| Work item |
Repeat, word for word, every line from the line holding "One size, fits" through the final line of the entries below. Skip all pictures.

| Input data |

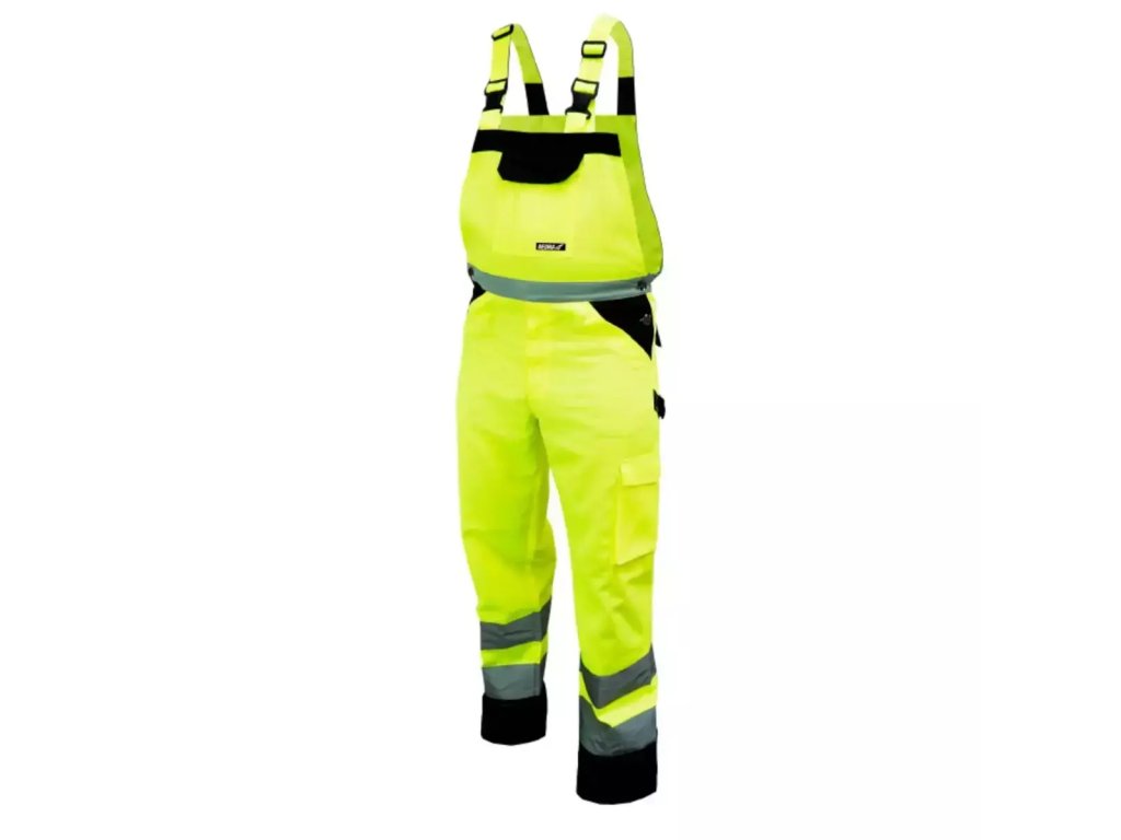 Vrtlarske hlače izrađene su od mješavine poliestera i pamuka s gramaturom od 250 g/m2. Hlače imaju elastičan pojas i podesive naramenice s ušivenim gumicama. Hlače imaju 8 praktičnih i funkcionalnih džepova te petlju za remen za čekić. Hlače imaju reflektirajuće trake na nogavicama i dodatno na pojasu, što osigurava sigurnost u teškim uvjetima ili nakon kiše. Dostupne veličine od S do 2XL. Žuta boja.
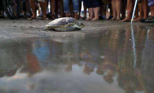 Sea turtles that had been held at the Animal Rehabilitation Keep in Port Aransas, Texas, are held at the Sea Life Center, Saturday, Sept. 30, 2017, in Corpus Christi, Texas. About 30 sea turtles were transferred after Hurricane Harvey destroyed the facility in Port Aransas. (AP Photo/Eric Gay) The Associated Press
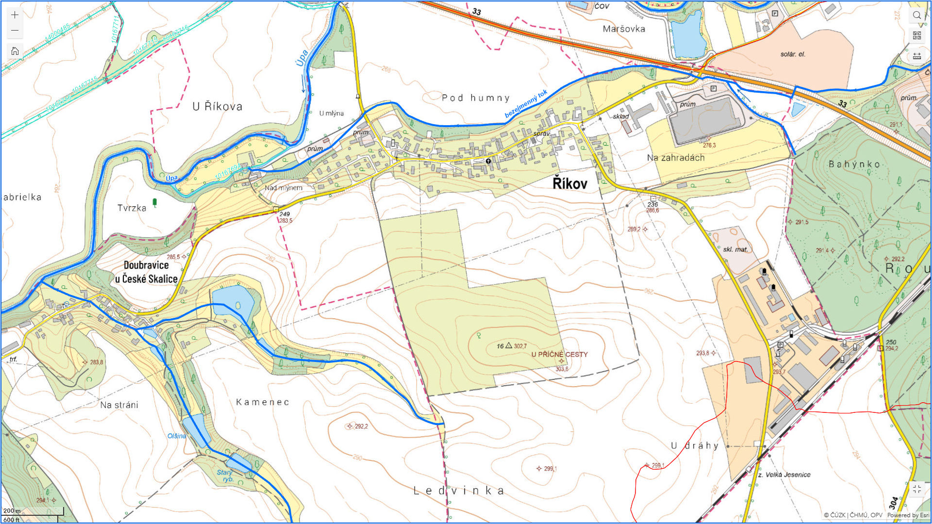 Mapa toků a vodních děl
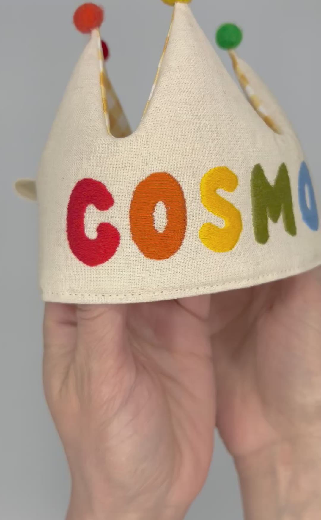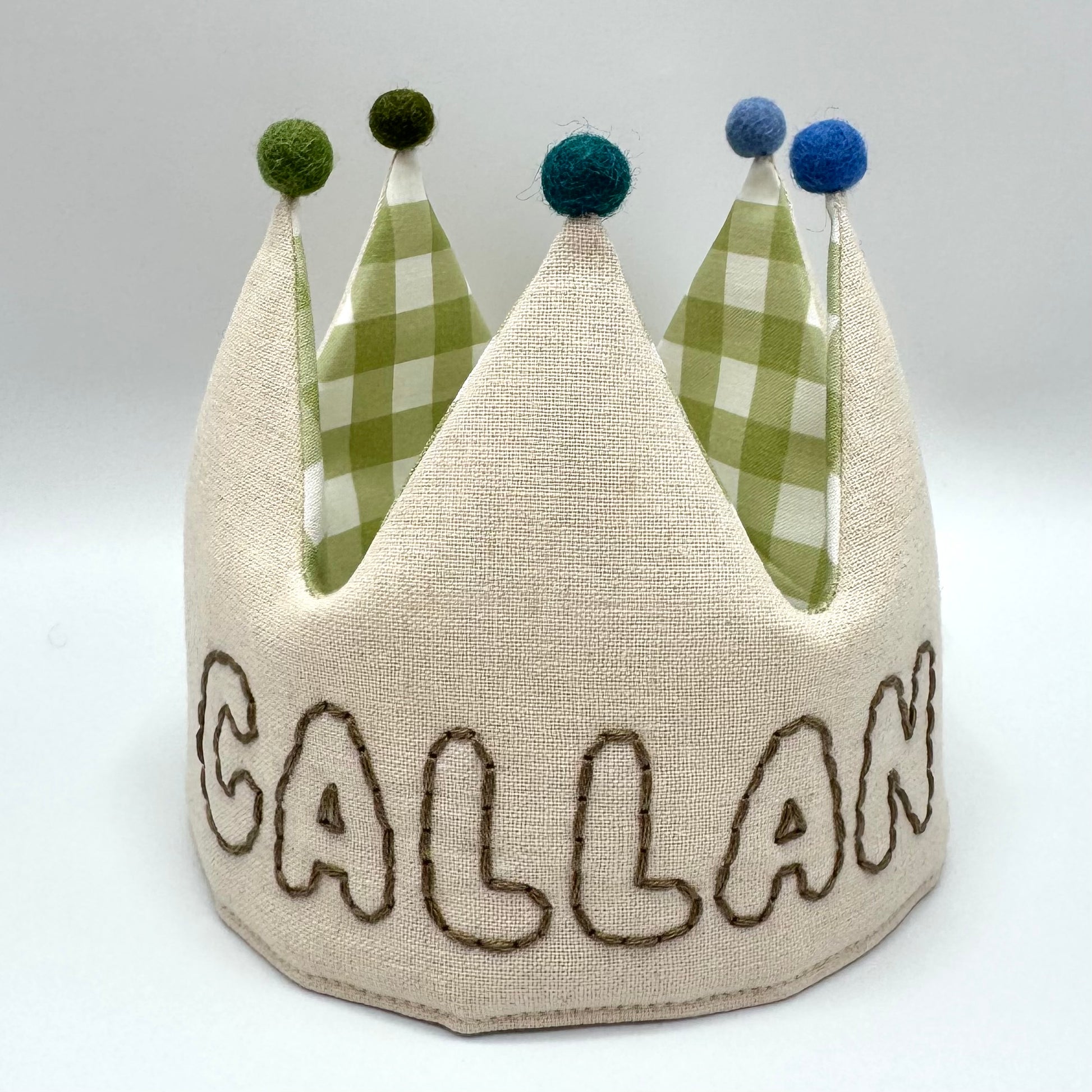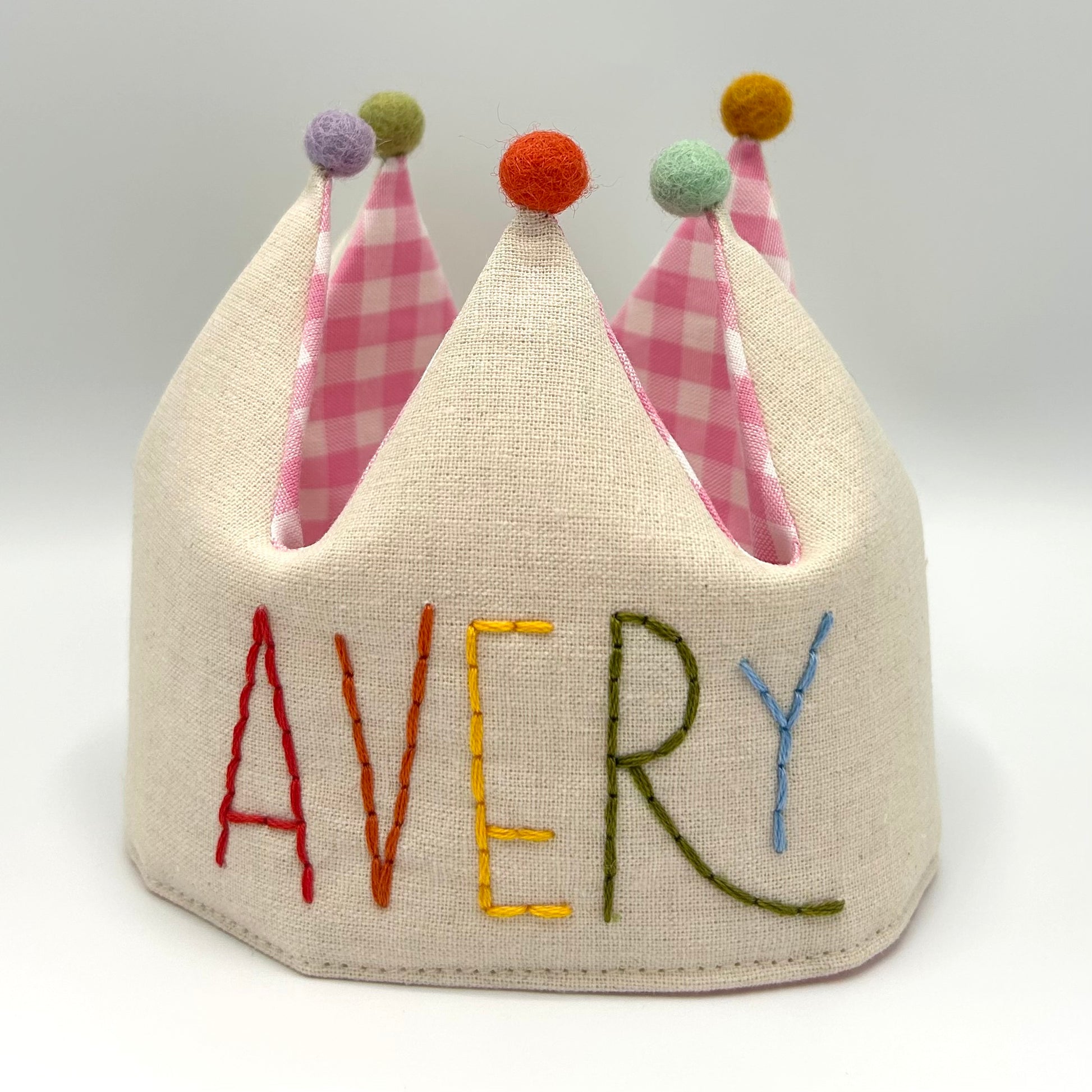 One size, fits infant to adult. Crown has adjustable cotton ties and comes with a bag for safe storage. This is not a toy - please use under adult supervision. Personalized/embroidered items are not eligible for returns or exchanges and we strongly recommend using Signature Required Delivery. Read full shop policies here.
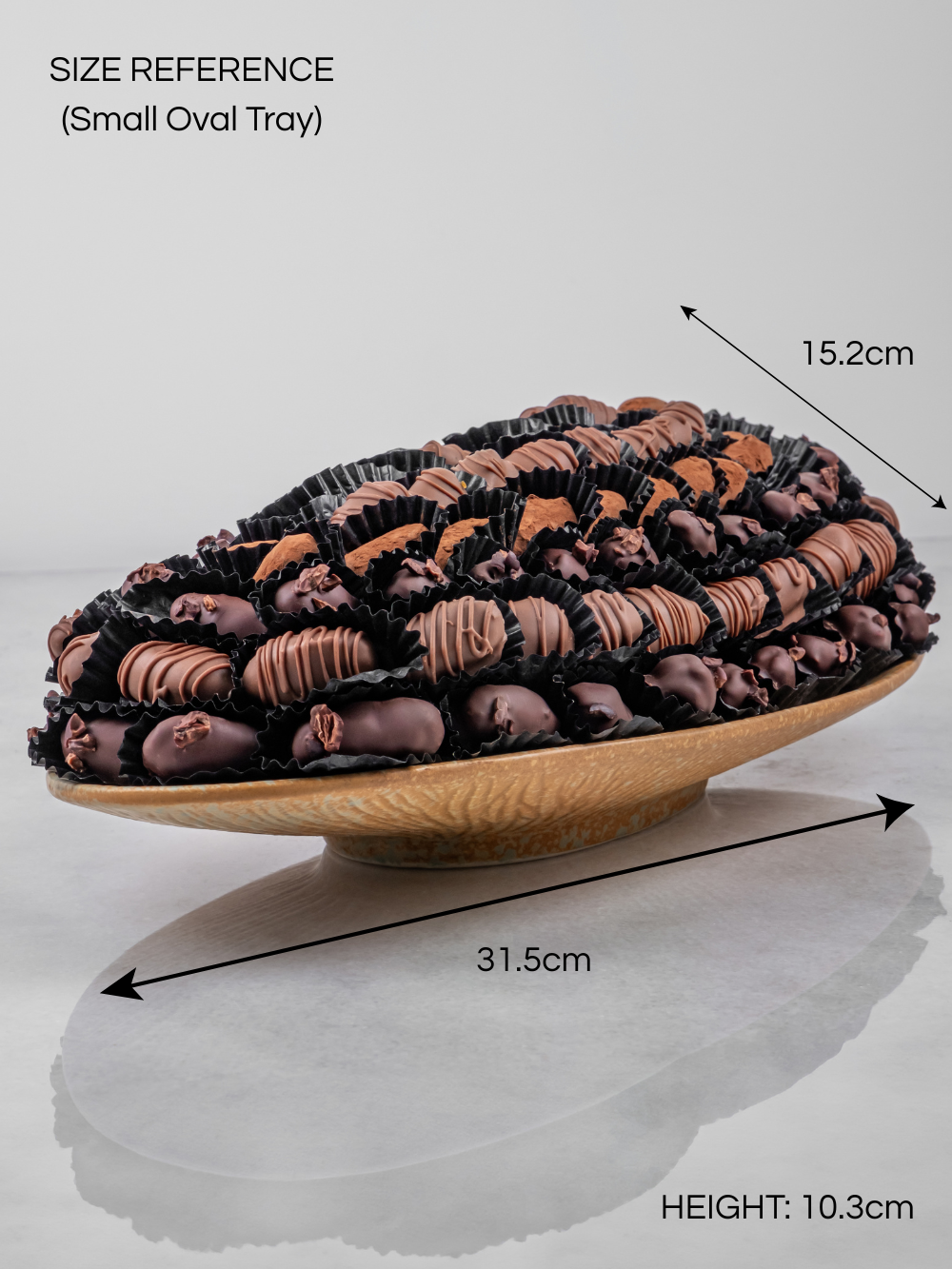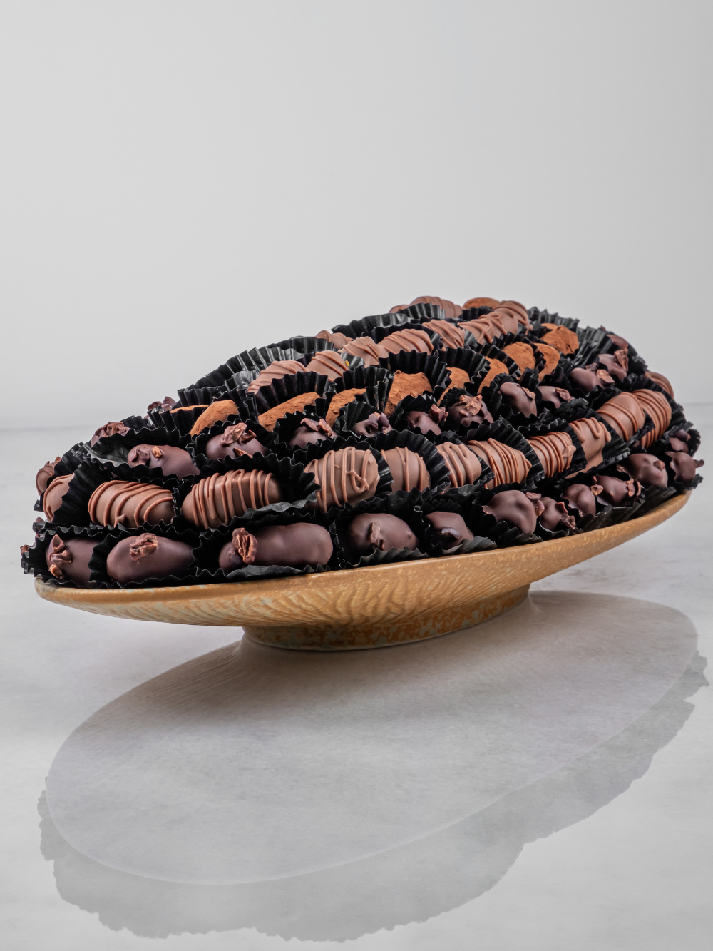 An earthy ceramic tray holding juicy khalas dates and high quality dried fruits. Our Emirati grown khalas dates are covered with single-origin chocolates, while our dried fruits are stuffed with the most flavorful ingredients.

| Solution to this exercise |
 One size, fits infant to adult. Crown has adjustable cotton ties and comes with a bag for safe storage. This is not a toy - please use under adult supervision. Personalized/embroidered items are not eligible for returns or exchanges and we strongly recommend using Signature Required Delivery. Read full shop policies here.
 An earthy ceramic tray holding juicy khalas dates and high quality dried fruits. Our Emirati grown khalas dates are covered with single-origin chocolates, while our dried fruits are stuffed with the most flavorful ingredients.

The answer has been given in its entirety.